All lines from the one that contains "This canvas art" through the close of the entries below are to be repeated exactly, without any pictures.

Stored dataset items
-------

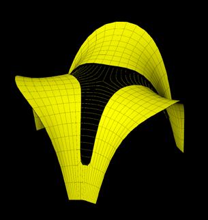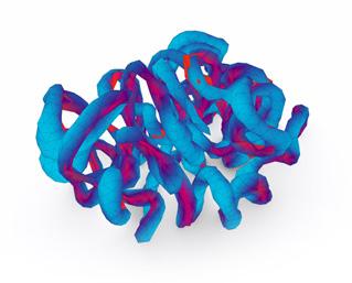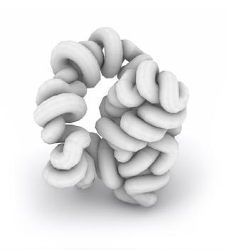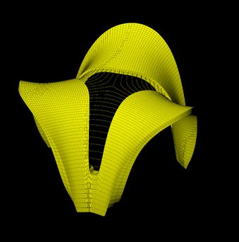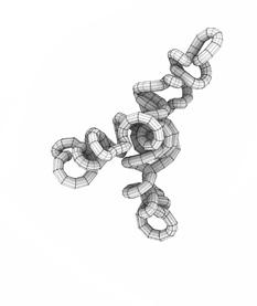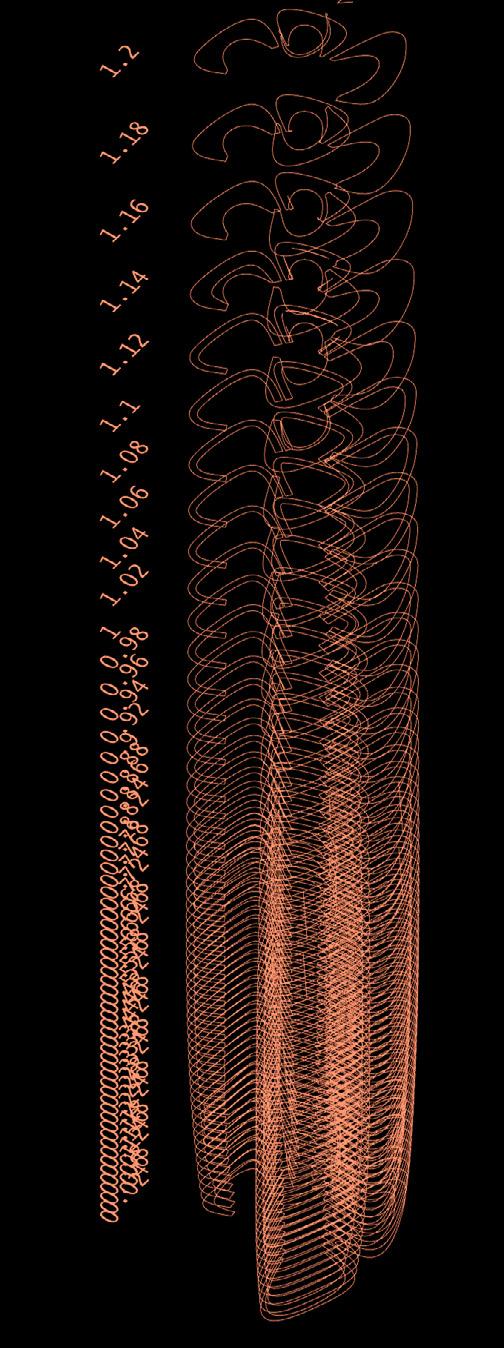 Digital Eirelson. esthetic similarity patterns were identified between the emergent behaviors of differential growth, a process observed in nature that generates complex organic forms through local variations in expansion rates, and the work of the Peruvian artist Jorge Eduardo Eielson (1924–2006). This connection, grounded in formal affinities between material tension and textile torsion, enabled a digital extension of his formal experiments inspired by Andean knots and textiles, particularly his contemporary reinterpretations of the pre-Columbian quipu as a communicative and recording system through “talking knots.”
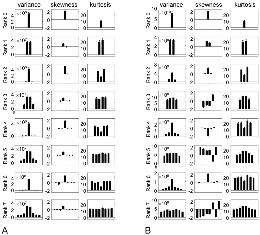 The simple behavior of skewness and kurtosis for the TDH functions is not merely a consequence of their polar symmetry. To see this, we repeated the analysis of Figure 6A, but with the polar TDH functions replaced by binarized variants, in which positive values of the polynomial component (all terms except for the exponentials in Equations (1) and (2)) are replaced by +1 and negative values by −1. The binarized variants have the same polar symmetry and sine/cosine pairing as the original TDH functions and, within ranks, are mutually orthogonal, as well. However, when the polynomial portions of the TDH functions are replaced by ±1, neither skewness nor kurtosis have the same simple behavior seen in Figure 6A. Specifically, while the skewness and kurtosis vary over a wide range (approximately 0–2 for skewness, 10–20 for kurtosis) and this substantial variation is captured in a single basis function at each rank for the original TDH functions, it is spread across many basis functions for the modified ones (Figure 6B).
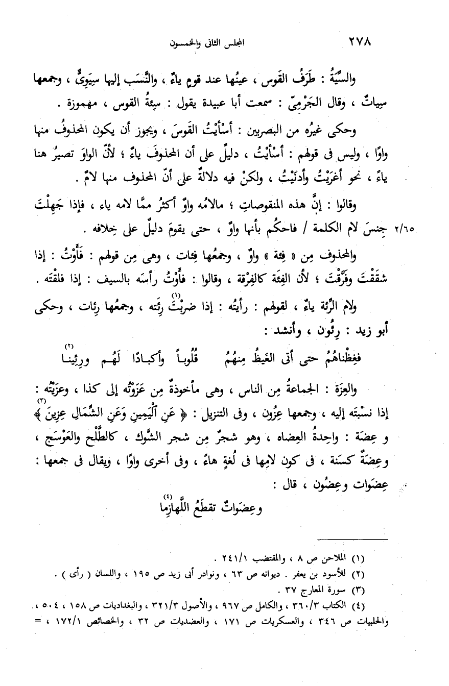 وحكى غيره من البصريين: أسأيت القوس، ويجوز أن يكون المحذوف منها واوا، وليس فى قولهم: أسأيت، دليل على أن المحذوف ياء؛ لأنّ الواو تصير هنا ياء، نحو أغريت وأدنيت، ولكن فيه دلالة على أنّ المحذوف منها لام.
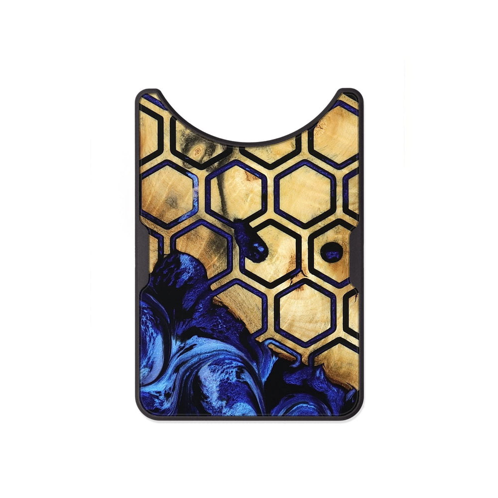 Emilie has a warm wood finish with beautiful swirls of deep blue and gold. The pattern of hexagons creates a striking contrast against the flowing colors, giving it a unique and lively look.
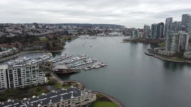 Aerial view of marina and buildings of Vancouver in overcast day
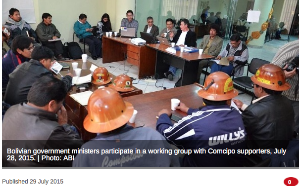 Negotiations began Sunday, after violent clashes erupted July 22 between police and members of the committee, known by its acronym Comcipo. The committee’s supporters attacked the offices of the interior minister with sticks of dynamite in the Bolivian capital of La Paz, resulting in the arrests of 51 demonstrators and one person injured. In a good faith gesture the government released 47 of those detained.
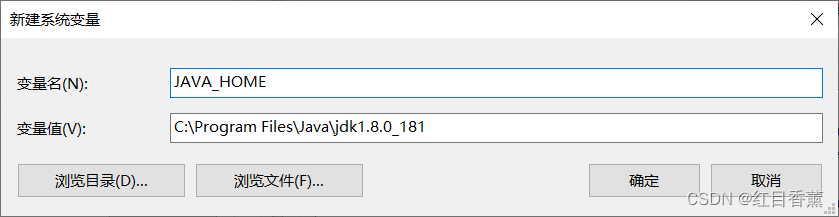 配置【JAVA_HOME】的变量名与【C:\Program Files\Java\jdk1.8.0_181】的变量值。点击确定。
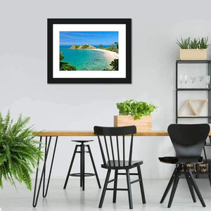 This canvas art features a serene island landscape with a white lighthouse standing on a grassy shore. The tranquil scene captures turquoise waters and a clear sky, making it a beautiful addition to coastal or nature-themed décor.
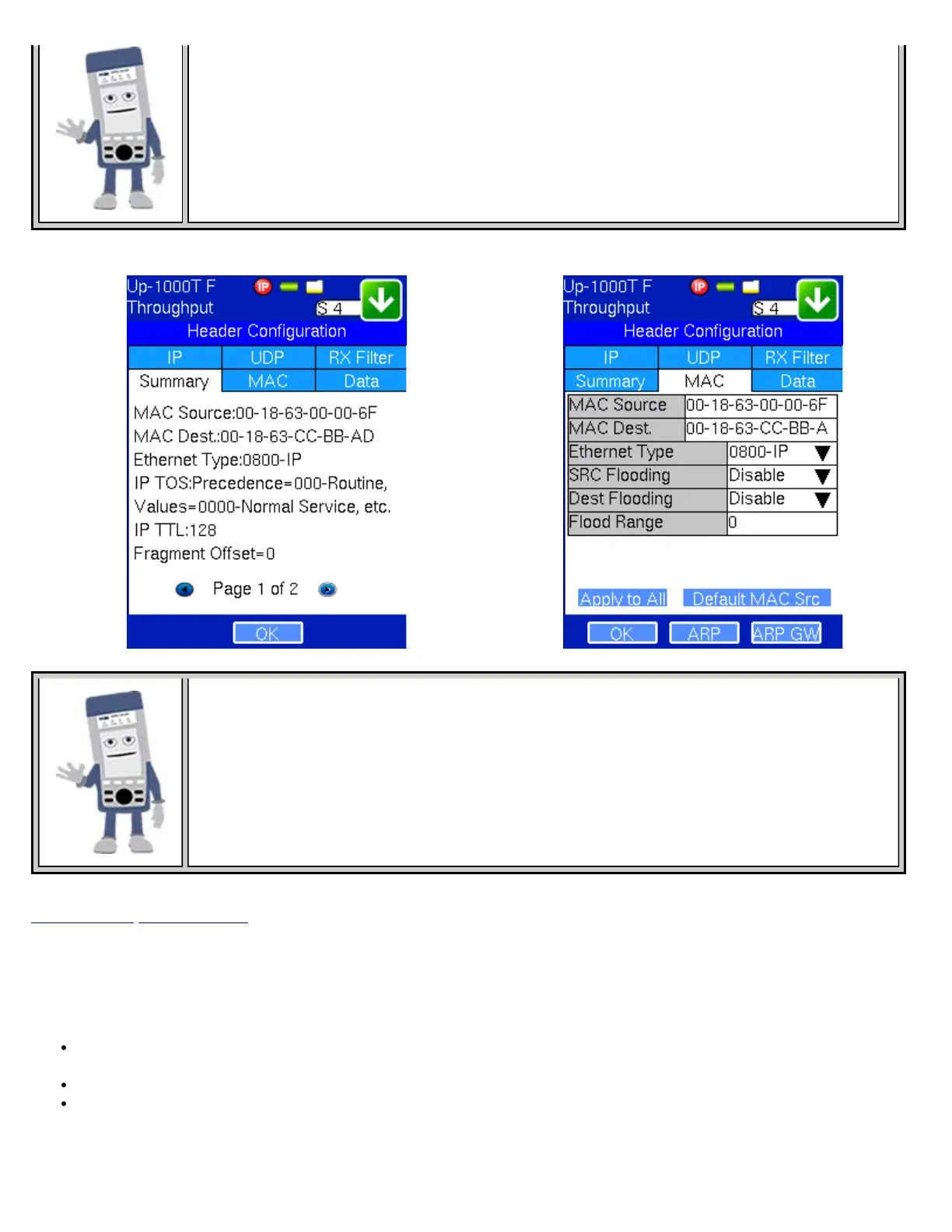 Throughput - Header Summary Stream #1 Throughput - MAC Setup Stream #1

-------

■ Solution for this task ■
 This canvas art features a serene island landscape with a white lighthouse standing on a grassy shore. The tranquil scene captures turquoise waters and a clear sky, making it a beautiful addition to coastal or nature-themed décor.
 Throughput - Header Summary Stream #1 Throughput - MAC Setup Stream #1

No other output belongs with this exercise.